In PyTorch, every array has a device, we often refer it as a context.
So far, by default, all variables
and associated computation
have been assigned to the CPU.
Typically, other contexts might be various GPUs.
Things can get even hairier when
we deploy jobs across multiple servers.
By assigning arrays to contexts intelligently,
we can minimize the time spent
transferring data between devices.
For example, when training neural networks on a server with a GPU,
we typically prefer for the model's parameters to live on the GPU.

Next, we need to confirm that
the GPU version of PyTorch is installed.
If a CPU version of PyTorch is already installed,
we need to uninstall it first.
For example, use the `pip uninstall torch` command,
then install the corresponding PyTorch version
according to your CUDA version.
Assuming you have CUDA 10.0 installed,
you can install the PyTorch version
that supports CUDA 10.0 via `pip install torch-cu100`.

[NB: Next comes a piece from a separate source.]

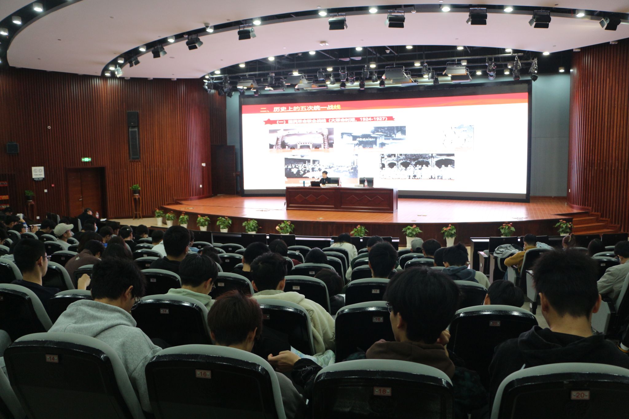 第二、学习历史上的五次统一战线。吴立爽以图文并茂的形式,佐以详实的案例,带领师生学习回顾了建党以来的五次统一战线。从建党初期和抗战阶段的国民革命联合战线、工农民主统一战线、抗日民族统一战线,到社会主义革命和建设时期的人民民主统一战线,再到改革开放以来的爱国统一战线,在不同的历史时期,由于中国共产党所处的历史方位不同,统一战线作为党的政治路线的重要组成部分也随着时代的变化而不断地发展变化,但始终在党的工作全局中具有重要的战略地位、发挥不可替代的独特作用,始终是党的一个重要法宝。
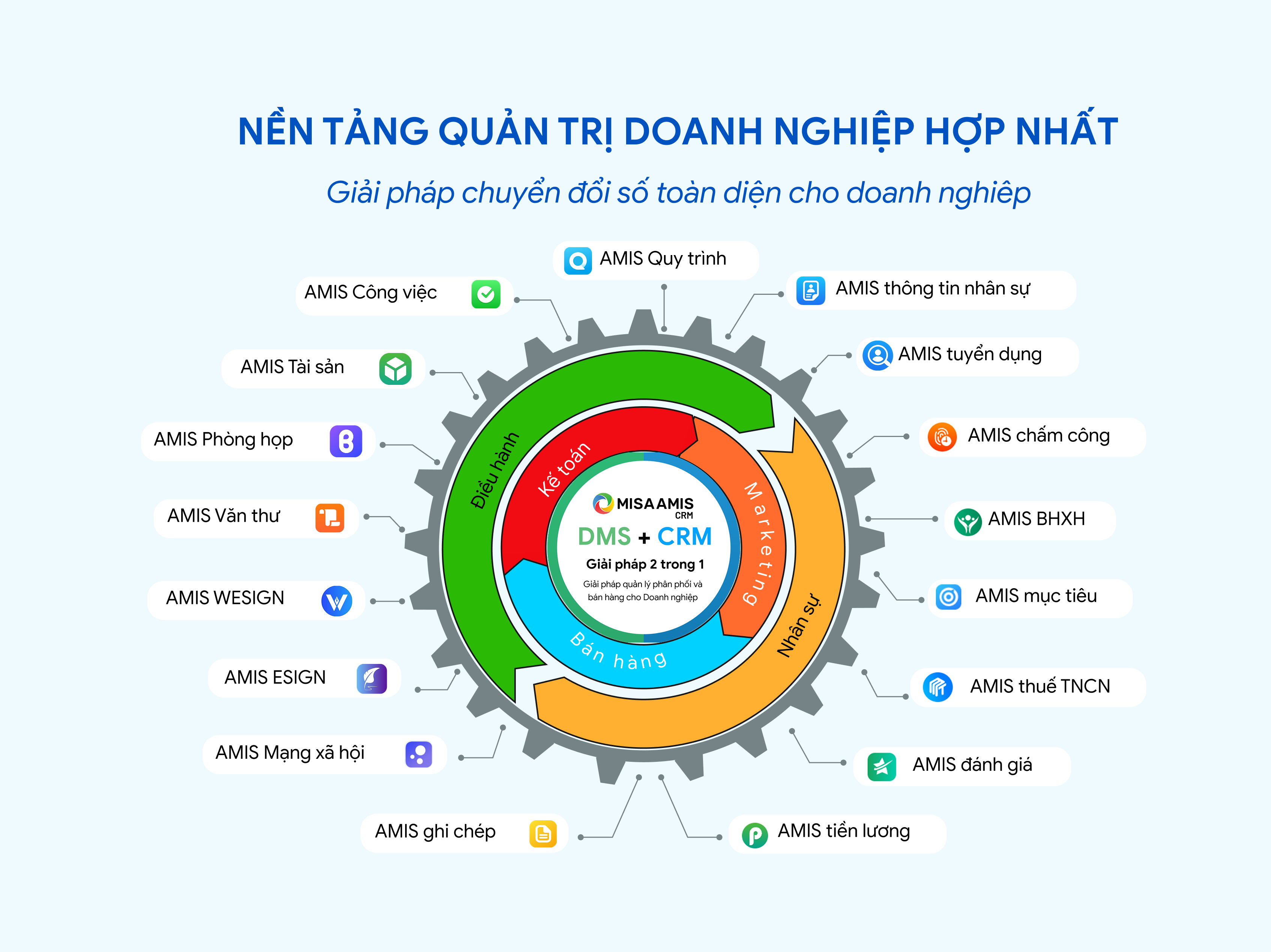 MISA AMIS mang đến hơn 40+ ứng dụng chuyên biệt, giúp doanh nghiệp tối ưu vận hành và kết nối dữ liệu đồng bộ trong các lĩnh vực Tài chính – Kế toán, Marketing – Bán hàng, Nhân sự và Văn phòng số

To run the programs in this section,
you need at least two GPUs.
Note that this might be extravagant for most desktop computers
but it is easily available in the cloud, e.g.,
by using the AWS EC2 multi-GPU instances.
Almost all other sections do *not* require multiple GPUs.
Instead, this is simply to illustrate
how data flow between different devices.

## [**Computing Devices**]

We can specify devices, such as CPUs and GPUs,
for storage and calculation.
By default, tensors are created in the main memory
and then use the CPU to calculate it.


In PyTorch, the CPU and GPU can be indicated by `torch.device('cpu')` and `torch.device('cuda')`.
It should be noted that the `cpu` device
means all physical CPUs and memory.
This means that PyTorch's calculations
will try to use all CPU cores.
However, a `gpu` device only represents one card
and the corresponding memory.
If there are multiple GPUs, we use `torch.device(f'cuda:{i}')`
to represent the $i^\mathrm{th}$ GPU ($i$ starts from 0).
Also, `gpu:0` and `gpu` are equivalent.


In [5]:
import torch
from torch import nn

torch.device('cpu'), torch.device('cuda'), torch.device('cuda:1')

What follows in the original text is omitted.